Carrying one to Devenish with his left hand, he returned to claim his
own cognac, then sat on the littered sofa and stared at the fire. "How
long must we wait for the Runner? I thought you sent the jervey off
after him?"

"Did. And I don't mean to wait all night, I can tell you."
After a minute he asked quietly, "What's the matter with him, Joss?"

Vaughan shook his head. "Don't know. Trent-itis, probably."

"Good Lord! Is he still playing host to that unlovely crew?
Where's his noble lordship? Womanizing in France still?"

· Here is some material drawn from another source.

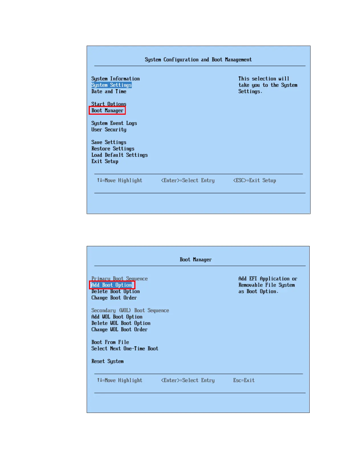3. On the Boot Manager menu, select Add Boot Option, as shown in Figure 4 on page 389.

"Geoff's in India, Val thinks. And he can't kick his uncle out
'til Lord Geoffrey Montclair comes home and claims his rights. Poor old
Val. Well—it's a big house, that's one thing."

Devenish grimaced. Longhills Manor was very large indeed, and
famed as being one of the loveliest of England's many lovely great
homes, but he said, "If it was Versailles it wouldn't be big enough. I
wonder he doesn't just leave."

"Can't do that, dear boy. His charming uncle would have a free
hand with the estate. Val may bury himself in his music and not know
half the time whether it's Monday or last Spring, but he loves
Longhills. He'll fight Selby Trent every step of the way before he'll
turn tail and run."

"As Geoff has done," said Devenish rather grimly. "Val's stuck
there with that loathsome crew, trying to protect estates he'll never
inherit, and damn near isolated into the bargain. No one in his right
mind would set foot under a roof with the Trents in residence!"

"Pity," nodded Vaughan. "Val should've been the heir."

Devenish smiled faintly. "He'd give you an argument on that
one. Don't want it. Besides, he thinks the sun rises and sets on his
big brother."

Vaughan said, "Perhaps it's just the strain of all the
argumentations."

"No, it's more than that, Joss." Devenish frowned. "He's
definitely down-pin. Looks awful. Didn't you notice?"

"I noticed when he almost measured his length on the flagway.
Said he tripped over a loose stone or some such thing. Wasn't no loose
stone."

There was a brief silence. Devenish broke it. "They weren't
Mohocks, of course. They were after Val."